## Task to complete
Would you copy only the lines below, from the one containing "Le manche texturé" through the very last one, leaving the pictures out?

## Data in this exercise
/---
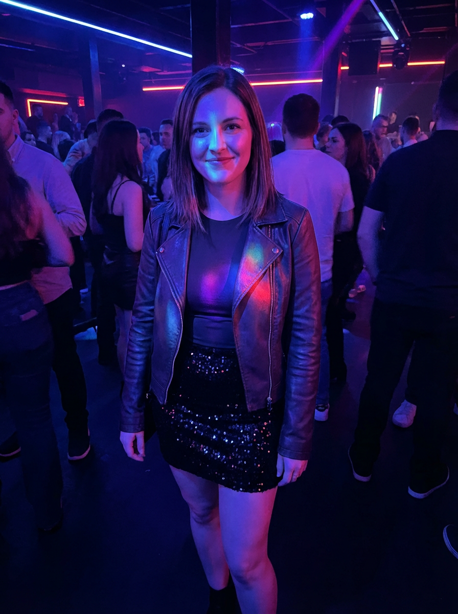 model wearing mini skirt in night club with neon lights
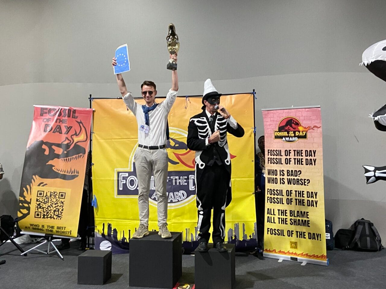 EU voitti pääpalkinnon ja julistettiin “päivän fossiiliksi” keskiviikko-iltana Belémin ilmastokokouksessa. Perusteluissa todetaan, että EU saa palkinnon, koska se aktiivisesti estää neuvotteluiden etenemistä, vaikka pitää mielellään itseään ilmastojohtajana. CAN-verkoston mukaan EU on liian usein keskittynyt pankkien ja yritysten etujen suojelemiseen aidon ilmastojohtajuuden kustannuksella.
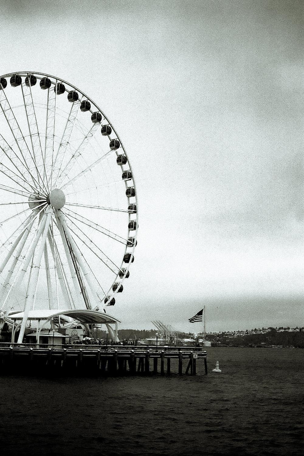 The photo was taken on Ilford B&W film with a Canon Ae-1 35mm camera. The photo was taken in Seattle, WA on the shores by Pier 66.
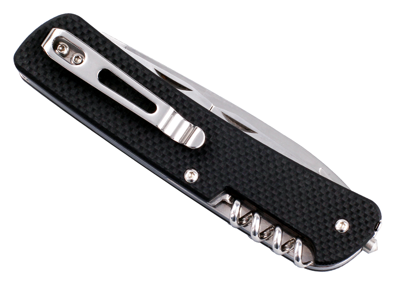 Le manche texturé noir est fabriqué en matériau G 10. En plus de la lame, le couteau comprend : un tire-bouchon, un ouvre-boîte, un tournevis, un grattoir, un décapsuleur, une coupe-fil, un dénudeur de fil, un petit tournevis, un crochet de coupe, un tournevis cruciforme, une plieuse de fil, une pince à épiler, des ciseaux, une pince, un poinçon et une scie.
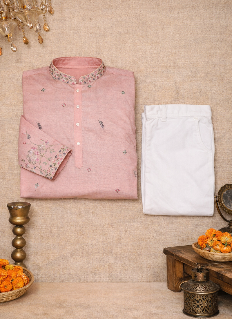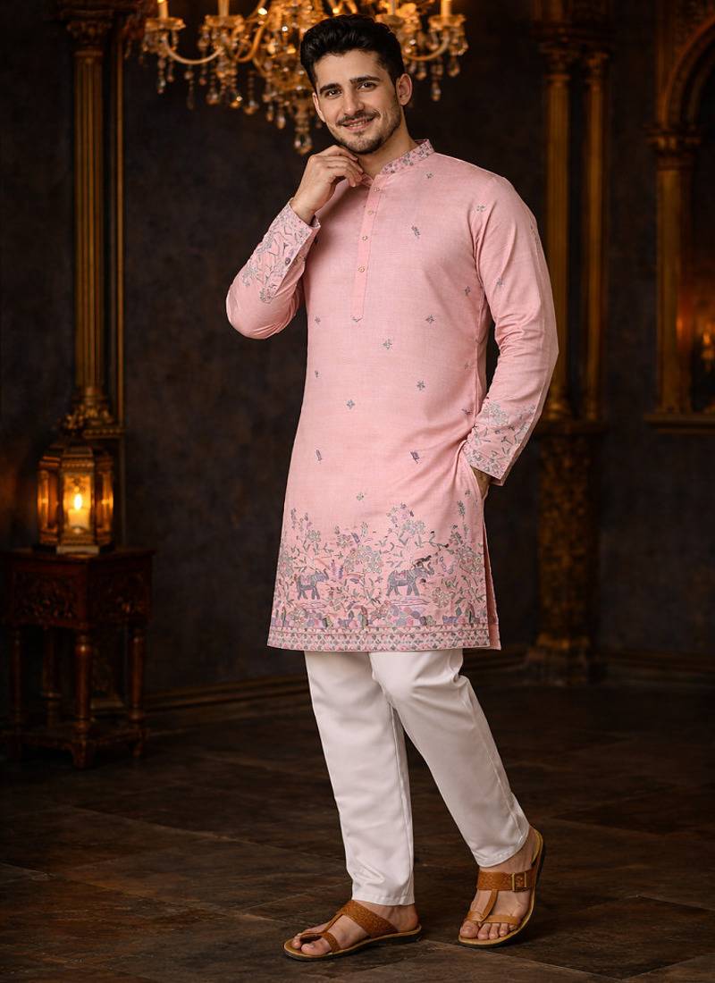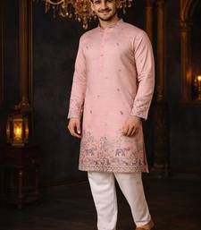 Pink color embroidery sequence work linen cotton kurta payjama set
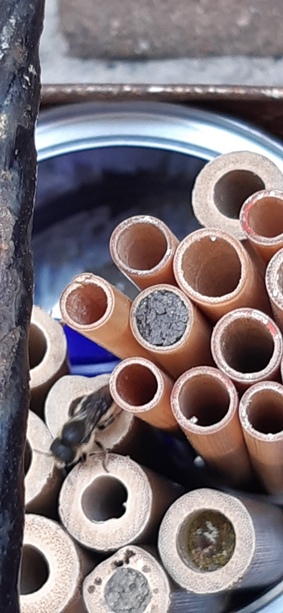 Komischerweise gehen sie nur auf die hohe , 170 cm angebrachte Nisthilfe. In der anderen, welche unter am Boden stehen, nisten die Mauerbienen völlig ungestört.
\---
## Answer for this exercise
 Le manche texturé noir est fabriqué en matériau G 10. En plus de la lame, le couteau comprend : un tire-bouchon, un ouvre-boîte, un tournevis, un grattoir, un décapsuleur, une coupe-fil, un dénudeur de fil, un petit tournevis, un crochet de coupe, un tournevis cruciforme, une plieuse de fil, une pince à épiler, des ciseaux, une pince, un poinçon et une scie.
 Pink color embroidery sequence work linen cotton kurta payjama set
 Komischerweise gehen sie nur auf die hohe , 170 cm angebrachte Nisthilfe. In der anderen, welche unter am Boden stehen, nisten die Mauerbienen völlig ungestört.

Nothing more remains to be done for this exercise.